Yaede also said, in a phone call with Communitynews.org, that Plunkett told the township board of health as recently as February of this year that every attempt is made to inspect “major facilities” within the township every year. But Yaede said Plunkett had been open about the difficulties he faced with the current staffing levels to inspect every facility every year. She suggested blame rests partially on the health code classifying any business selling food items as a retail food establishment that must be inspected. This would include a large number of businesses in the township, including ones like Home Depot or Lowe’s that sell candy in check-out areas.

“These are some of most egregious, false statements being made by Governor Murphy’s State Department of Health,” Yaede said in her statement. “These false statements will only undermine public confidence, are detrimental to all public employees, and will undoubtedly impact our local Hamilton business community.”

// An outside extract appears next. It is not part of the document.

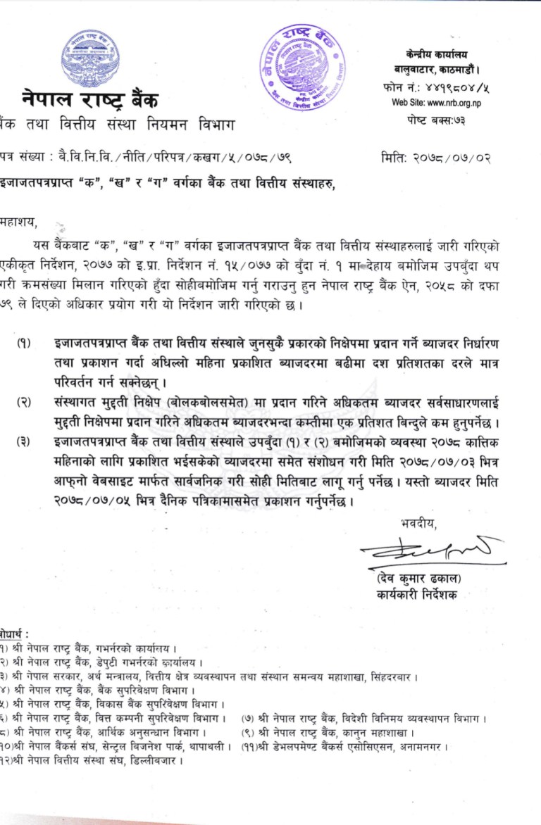 साथै, बैंक तथा वित्तीय संस्थाले कात्तिक महिनाका लागि प्रकाशित भइसकेको ब्याजदर समेत बढी भएको अवस्थामा संशोधन गर्नुपर्नेछ । यसरी कात्तिक ३ गतेभित्र आफ्नो वेवसाइटमा सार्वजनिक गर्ने गरी सोही मितिबाट लागू गर्नुपर्नेछ । यस्तो ब्याजदर कात्तिक ५ गतेभित्र दैनिक पत्रिकामा समेत प्रकाश गर्नुपर्नेछ ।

Yet, the DOH investigation is only the latest inquiry involving Plunkett and his work as township health officer.

Mercer County Prosecutor Angelo J. Onofri announced May 3 that Plunkett, 62, and Todd Bencivengo, 56, each had been charged with two counts of third-degree animal cruelty and one count of second-degree official misconduct. Bencivengo retired in March as the supervisor of the Hamilton Township Animal Shelter.

The prosecutor’s Humane Law Enforcement Unit began an investigation in August 2018 after two complaints were referred to the office by the New Jersey Division of Criminal Justice. The investigation revealed that approximately 236 cats and 93 dogs were euthanized between 2016 and 2018 before the waiting period required by state law. State law says shelters must hold animals or offer them for adoption for at least seven days.

Then, on May 7, an investigative subcommittee led by Republican councilwoman Ileana Schirmer and Democratic councilman Rick Tighe released a 43-page investigative report on the shelter that depicted a facility run without rules or oversight. This lackadaisical approach, the report suggested, allowed animals to be euthanized in an inhumane and occasionally illegal manner. The shelter had expired medication, no scale to weigh large dogs, little in the way of record keeping or employee training and rooms where the heating, air conditioning and ventilation didn’t work properly. The report placed the blame on several administration officials, most prominently Plunkett and Bencivengo.

In the aftermath, Plunkett resigned from his position as director of health and recreation in June. But he remained as Hamilton’s health officer, a position he has held since 1995. Hamilton Mayor Kelly Yaede appointed Plunkett in 2016 to serve in a dual role as health officer and director of health and recreation.

Plunkett has been a licensed health officer in New Jersey since 1987.